• _TASK STATEMENT_: Please give back all the records exactly, but keep the pictures out.

• _Source data_:
◇ ◇ ◇ ◇ ◇

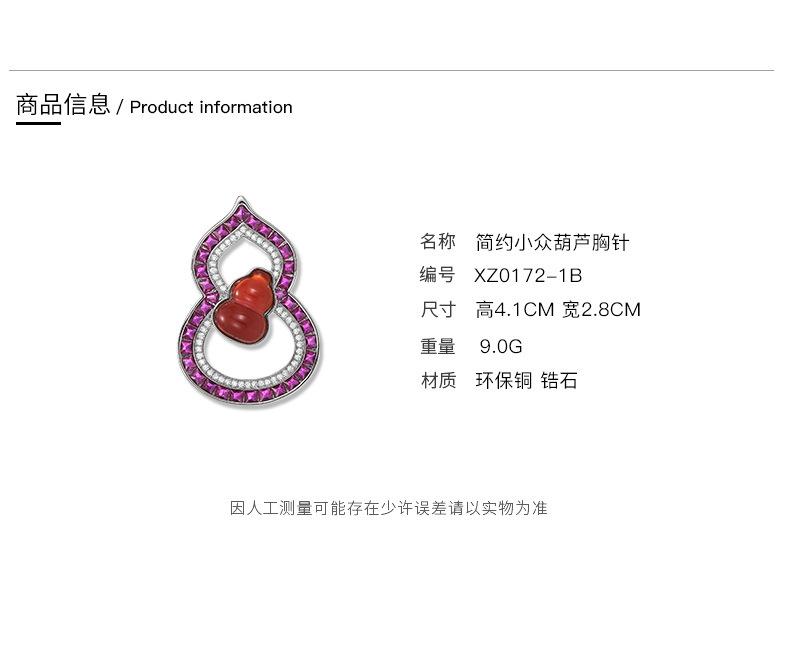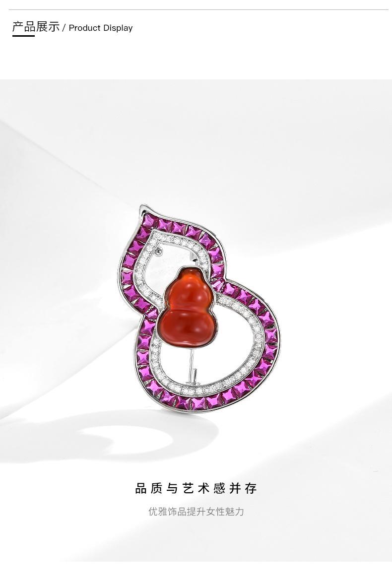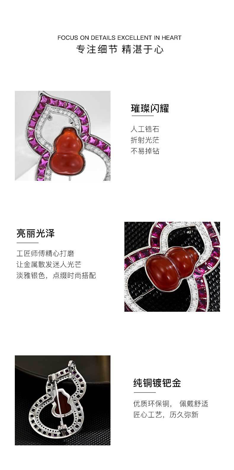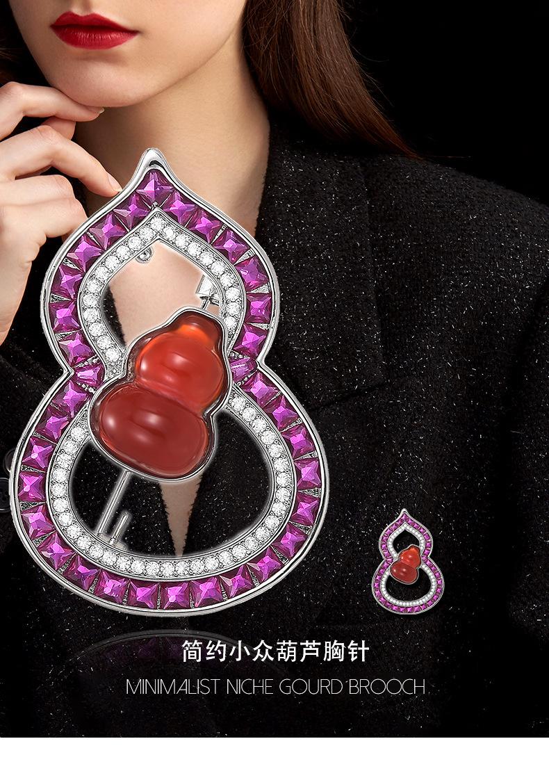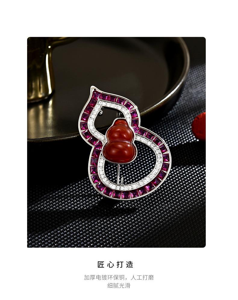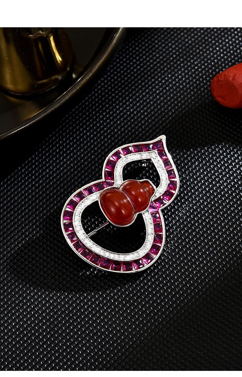 Nuevo Estilo Ins Broche Clásico Creativo Calado de Calabaza Calcedonia Corindón Rojo Corsage Creativo Broche Fabricante Venta al por Mayor
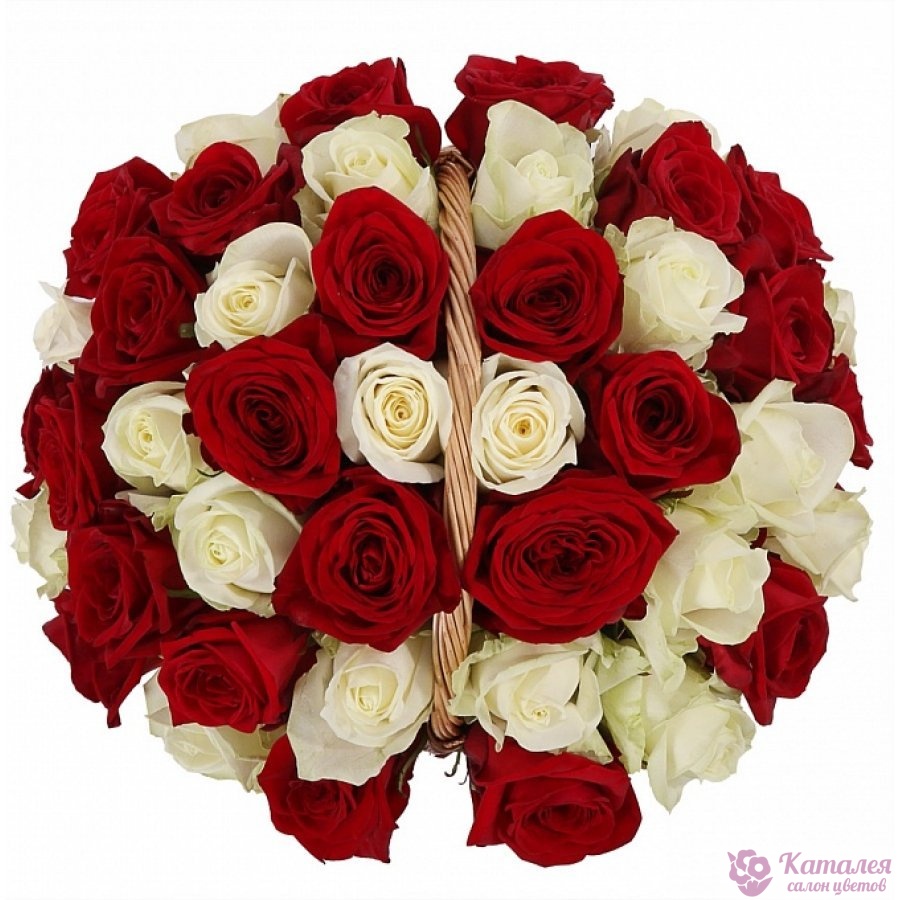 Корзина из 35 белых и красных роз
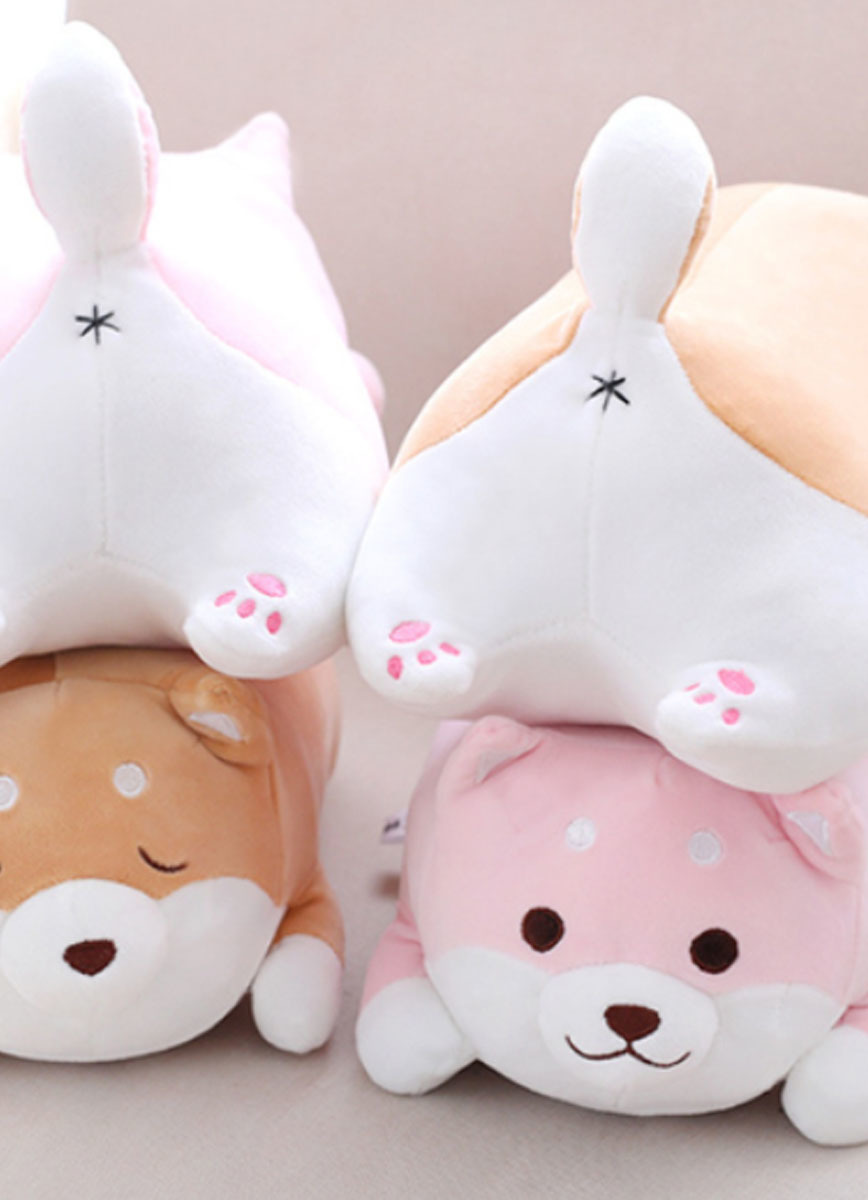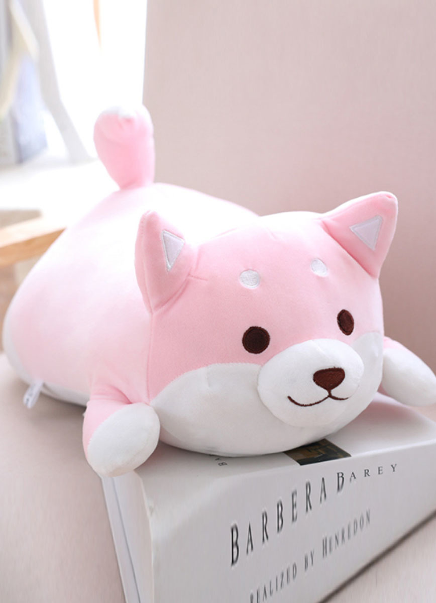 Подушка-обнимашка "Розовый корги с открытыми глазами" (35 см)
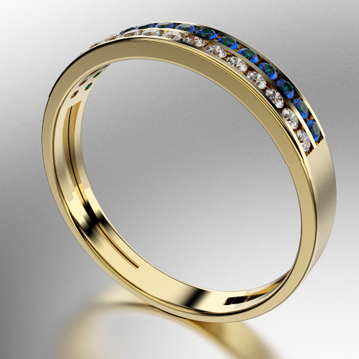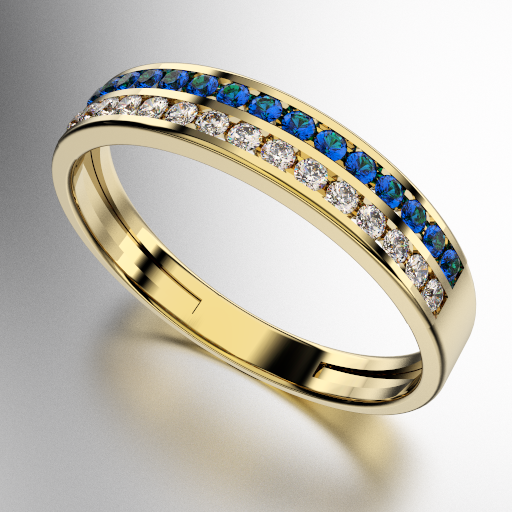 ANILLO DOBLE MEDIO SIN FIN MED. 1 PIEDRAS REDONDAS (1.25MM) CUBIC-ZAFIRO ORO AMARILLO 18KTS (MOD. A006D) Cuotas - Sin Interés:
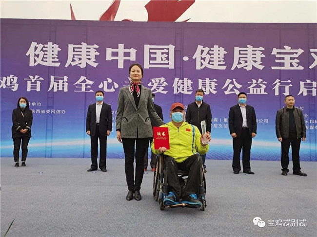 啟動(dòng)儀式上,寶雞籍殘奧會(huì)鐵餅冠軍范良受聘擔(dān)任本次健康公益行形象大使,他曾代表中國出戰(zhàn)2004雅典殘奧會(huì),2008北京殘奧會(huì),2012年倫敦殘奧會(huì),兩次以優(yōu)異的成績獲得金牌,并打破世界紀(jì)錄,為中國人民贏得了榮譽(yù)。其中,2004雅典殘疾人奧運(yùn)會(huì)、2008北京殘奧會(huì)鐵餅金牌得主。退役后帶領(lǐng)寶雞地區(qū)殘疾人創(chuàng)業(yè),一直致力于公益事業(yè)發(fā)展。

◇ ◇ ◇ ◇ ◇

• _EXERCISE RESPONSE_:
 Nuevo Estilo Ins Broche Clásico Creativo Calado de Calabaza Calcedonia Corindón Rojo Corsage Creativo Broche Fabricante Venta al por Mayor
 Корзина из 35 белых и красных роз
 Подушка-обнимашка "Розовый корги с открытыми глазами" (35 см)
 ANILLO DOBLE MEDIO SIN FIN MED. 1 PIEDRAS REDONDAS (1.25MM) CUBIC-ZAFIRO ORO AMARILLO 18KTS (MOD. A006D) Cuotas - Sin Interés:
 啟動(dòng)儀式上,寶雞籍殘奧會(huì)鐵餅冠軍范良受聘擔(dān)任本次健康公益行形象大使,他曾代表中國出戰(zhàn)2004雅典殘奧會(huì),2008北京殘奧會(huì),2012年倫敦殘奧會(huì),兩次以優(yōu)異的成績獲得金牌,并打破世界紀(jì)錄,為中國人民贏得了榮譽(yù)。其中,2004雅典殘疾人奧運(yùn)會(huì)、2008北京殘奧會(huì)鐵餅金牌得主。退役后帶領(lǐng)寶雞地區(qū)殘疾人創(chuàng)業(yè),一直致力于公益事業(yè)發(fā)展。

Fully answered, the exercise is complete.